Since 1992, however, several of Davies’s projects have fallen through, and in the ensuing 15 years his name has graced screens only twice more — first with 1995’s The Neon Bible, based on John Kennedy Toole’s novel, and then with 2000’s Edith Wharton adaptation The House of Mirth. “You reach a point in middle age where you can’t get work, and it’s no fun,” he says. “It’s increasingly difficult in this country if you have any voice that’s even mildly original. You can literally starve.”

Davies’s concerns for his homeland’s culture as a whole run even deeper than just a lack of support for artists. “What’s happening in Britain is not just in cinema, but political as well. We are now virtually another state of the American union. We imbibe everything from America. I’m not anti-American, but if we don’t stop it we’ll just be Hawaii with lousy weather,” he says.

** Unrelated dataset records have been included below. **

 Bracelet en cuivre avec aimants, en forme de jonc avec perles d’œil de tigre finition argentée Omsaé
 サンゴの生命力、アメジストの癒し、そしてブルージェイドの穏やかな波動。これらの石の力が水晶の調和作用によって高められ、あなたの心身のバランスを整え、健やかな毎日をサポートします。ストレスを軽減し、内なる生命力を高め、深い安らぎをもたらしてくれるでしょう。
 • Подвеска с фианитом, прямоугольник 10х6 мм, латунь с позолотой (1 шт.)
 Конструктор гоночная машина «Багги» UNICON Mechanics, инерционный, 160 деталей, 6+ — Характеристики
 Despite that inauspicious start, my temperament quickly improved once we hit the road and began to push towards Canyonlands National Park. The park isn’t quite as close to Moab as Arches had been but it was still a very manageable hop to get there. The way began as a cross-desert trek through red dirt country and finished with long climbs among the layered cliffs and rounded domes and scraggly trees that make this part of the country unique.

“We’re constantly looking to America for validation, and so we imitate, yet imitations are always second-rate. We’re not Hollywood — we do Hollywood on the cheap and do it horribly. Who with any intelligence can sit through the original CSI? Why on Earth would you want to try and remake it?” he asks.

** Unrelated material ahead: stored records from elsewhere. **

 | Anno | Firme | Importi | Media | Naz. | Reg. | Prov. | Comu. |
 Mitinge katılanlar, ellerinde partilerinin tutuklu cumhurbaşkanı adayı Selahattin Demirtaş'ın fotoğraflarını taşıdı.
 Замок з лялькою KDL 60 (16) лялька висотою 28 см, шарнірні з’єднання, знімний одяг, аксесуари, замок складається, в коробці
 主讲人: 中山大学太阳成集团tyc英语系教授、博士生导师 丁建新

The solution for maintaining an English identity in the face of American culture isn’t easy. For Davies, “it’s important that we keep our own culture. The other cultures in Europe are protected by not having the [English] language. And unfortunately, we aren’t separated by a language and now it’s becoming frightening.”

As for cinema, Davies’s impressions run just as dour. “We’ve got 25-year-olds who think cinema started when Tarantino came along, and that it’s just an extension of television,” he says. “If that were so, we’d never stage Chekhov again, because on the surface nothing happens in Chekhov. But everything happens in Chekhov when it comes to the human condition and comedy. I don’t go to the cinema very often now, because I can’t actually suspend my disbelief anymore. Most of the time, you just sit through this stuff and you think, ‘90 minutes — my God!’ When I was younger, once the curtains went back and the lights came down, I was so excited.”

Re-assuringly, Davies continues pushing forward. While working through the finishing touches of a commissioned documentary on Liverpool (in celebration of that city’s placement as the European Capital of Culture this year), he’s also looking forward. “At the moment, my producer is trying to raise the finance for the next one I want to do called Mad About the Boy which — are you sitting down? — is a comedy with a happy ending. It’s set in a fashion magazine and takes place in London and Paris,” he says, and at least once in our conversation, the voice on the end of the line sparkles.